Sometimes a TV series catches me for the wrong reason and I force myself to watch to the end because this wrong reason captured my attention but I really should know better because I know I am going to be disappointed when I learn the reason. I Will Find You, a Netflex mystery series, is just such an animal.

First a spoiler alert. I will be revealing some of the mysteries in the show so if you intend to watch the series, which I don’t recommend, stop reading now. The good news here is that there are so many plot twists that you aren’t likely to remember them all unless you have a copy of my review available while watching. There are plot twists after plot twists after plot twists after plot twists. Bad cops who turn out to be really good cops who were acting bad for a good reason. This means I started out thinking they were good guys, then I found out they were bad guys, only to later learn that they were actually good. Are you still with me?

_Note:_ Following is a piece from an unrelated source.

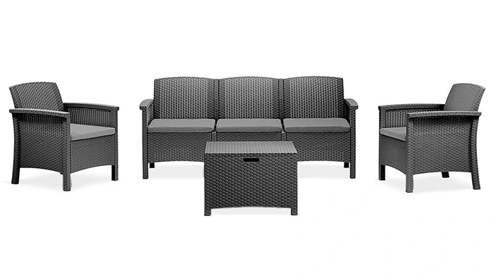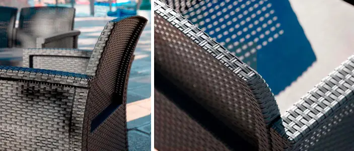 Megejelenés: A bútport esztétikussá teszi az eredeti rattanra emlékeztető felület, valamint a fotelek és a kanapé kényelmes ülőrészei. A bútor szett ideálisan beleillik minden ház körüli térbe és kényelmes lehetőséget teremt a szabad levegőn való pihenéshez.

The problem starts at the very beginning. David Burroughs (Sam Worthington) is in prison for killing his son with a baseball bat. Awful. Bad David. He sits in prison, not taking any visitors, because he thinks he deserves it for killing his son during a black out. Rachel Mills (Britt Lower), his sister-in-law, visits him in prison despite his requests not to be visited because of how horrible a person he is. She shows him a picture of a photo she received that shows his son who has a very distinctive birth mark is very much alive. Burroughs realizes that maybe he didn’t kill his son and this sets into motion Burrough and Mill’s mission to discover the truth.

The hook that kept me watching now is firmly in place. I really want to know who would killed a small child with a baseball bat, kidnap another child and set up the child’s father for murder. There has to be a good reason for someone to do this, right? I mean killing a child to kidnap someone else’s child, that is a terrible thing to do to a kid and to Burroughs. What is it?

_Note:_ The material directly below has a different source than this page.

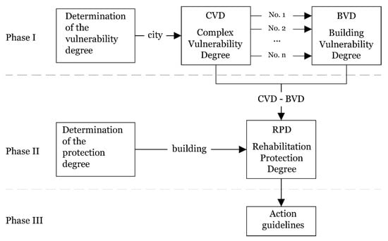 Once the description of each building has been completed with the CVD, BVD and RPD values, in Phase III, the different intervention possibilities are studied along with the application criteria in each case, considering the particular values for each building, and specific conditions or limits may be established for some of its parts or elements that should be reflected in its respective file []. The different intervention proposals put forward should be a fundamental tool for technical personnel of the municipal administration when regulating renovation actions within their responsibilities. Figure 1 summarizes the different phases of the proposed methodology:
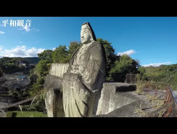 大谷石の採石場跡地に彫られた、高さ27メートルの巨大な観音像。第二次世界大戦の戦没者に向けた慰霊と…

The next 8 episodes are so is a wild run of plot twists, a lot of them red herrings, vitally unnecessary to the actual plot but are thrown in there to keep you guessing. And there is so much to learn and then forget because they are irrelevant to the child’s murder. Things like a mob connection to the murder. The mob has absolutely nothing to do with the murdered child or to the story at all but that doesn’t stop the series from devoting several episodes to this plot line which proves to be both unnecessary and violent. The Mafia Don’s main man is killed, Burroughs is flown into Key West to meet his fate with the Mafia Don, and he learns that his best friend works for the Mafia Don.

So, it turns out, the nasty Mafia Don turns out to be just a good father interested in helping other good fathers, even good fathers who wrongfully sent his own son to prison where he is killed. The Don, who in the past swore revenge on the cops who set his son up, but decides to nothing to the police who screwed over his son even though he has captured and in his Key West home. The Don does nothing and actually is such a good sport about the whole threat thing, even though one of his top guys is killed, that he flies Burroughs back to home so he can further investigate his son’s disappearance. Even though his son still died in prison, his top guy back home is murdered because Burroughs thought the mob was involved and one the good/bad cops pulled a gun on him. Nothing on toward happens to anyone.

Are you still with me? Don’t worry, none of the Mafia Don plot twists have much to do with the actual story so you can forget them right here.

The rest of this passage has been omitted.